Brexit-related customs and tax issues in Ireland may continue for some businesses, based on KPMG’s experience during the first six months of the United Kingdom’s official departure from the European Union, the firm said Aug. 17. Companies trading between Ireland and Great Britain are facing increased costs from supply chain delays and customs clearance issues, KPMG said, and also need to be aware of a range of declarations and paperwork needed to benefit from certain trade preferences.
The Philippines temporarily extended its sanitary and phytosanitary import clearances for imported meat and poultry from 60 to 90 days, the U.S. Department of Agriculture Foreign Agricultural Service reported Aug. 18. The clearances, renewed Aug. 10, were originally issued to mitigate the impacts of “logistical difficulties” and other shipping issues caused by the COVID-19 pandemic. USDA said the Philippines extended the clearances “for meat and poultry issued from August 10 to December 31, 2021.”

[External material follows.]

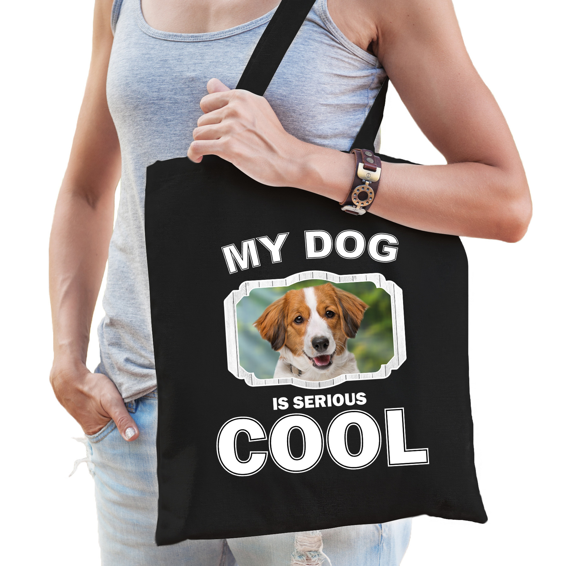 Kooiker honden tasje zwart volwassenen en kinderen. Op deze tas staat een Kooiker afbeelding en de tekst: my dog is serious cool. Een musthave voor een echte dieren/ Kooikerhondjes liefhebber of iemand die alles van honden spaart. Erg leuk om cadeau te doen aan een echte Kooikerhondjes fan of gewoon om zelf te gebruiken!

The State Department's Directorate of Defense Trade Controls recent settlement with Keysight Technologies shows the agency is growing more aggressive with certain compliance requirements and violations involving software and technical data, Miller & Chevalier said Aug. 18. At the same time, DDTC continues to reward cooperation and other mitigating factors with significant penalty reductions as it tries to incentivize companies to voluntarily disclose violations and work with the agency during its investigation.

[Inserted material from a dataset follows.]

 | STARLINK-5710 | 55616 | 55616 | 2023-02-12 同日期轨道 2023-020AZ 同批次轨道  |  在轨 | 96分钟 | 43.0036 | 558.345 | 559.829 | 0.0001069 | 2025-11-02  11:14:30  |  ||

The Australian Border Force and the Infocomm Media Development Authority of Singapore successfully ran a blockchain trial to test the interoperability of two digital verification systems, the agencies said Aug. 18. The trial tested the ABF's Intergovernmental Ledger and IMDA's TradeTrust reference implementation and proved that trade documents can be issued and verified digitally across the two platforms, they said. The Australia-Singapore Digital Economy Agreement provided the mandate for the trial, which sought to make cross-border trade simpler between the two countries. The trial demonstrated the Australian system capability in issuing "high integrity digital trade documents" that can be instantly authenticated, provenance traced, and digitally processed, the agencies said. “QR-codes embedded with unique proofs are inserted into digital Certificates of Origin (COO), enabling immediate verification for authenticity and integrity of the document when scanned or machine-read,” they said.
The Bureau of Industry and Security released a final rule to make technical corrections and clarifications (see 2108110010) to a 2020 rule that transferred export control jurisdiction over certain firearms from the State Department to the Commerce Department. The rule, released Aug. 18 and effective Sept. 20, introduced changes to make the requirements “easier to understand” and “interpreted consistently,” BIS said.
Mexico recently suspended certain trade relief measures originally introduced to mitigate the impacts of the COVID-19 pandemic, KPMG said Aug. 16. They included measures to support the manufacturing industry, export services and rules for refunds of import taxes to exporters. During the suspension period, KPMG said “any days remaining will be considered to be ‘non-business days,’ so that any unexpired limitations period will be tolled and will not be triggered or to begin to run again until the first business day following the day the suspension ends, and at that time, the deadlines of any processes that have been paused will resume.” The suspension is in effect for 30 business days after Aug. 12.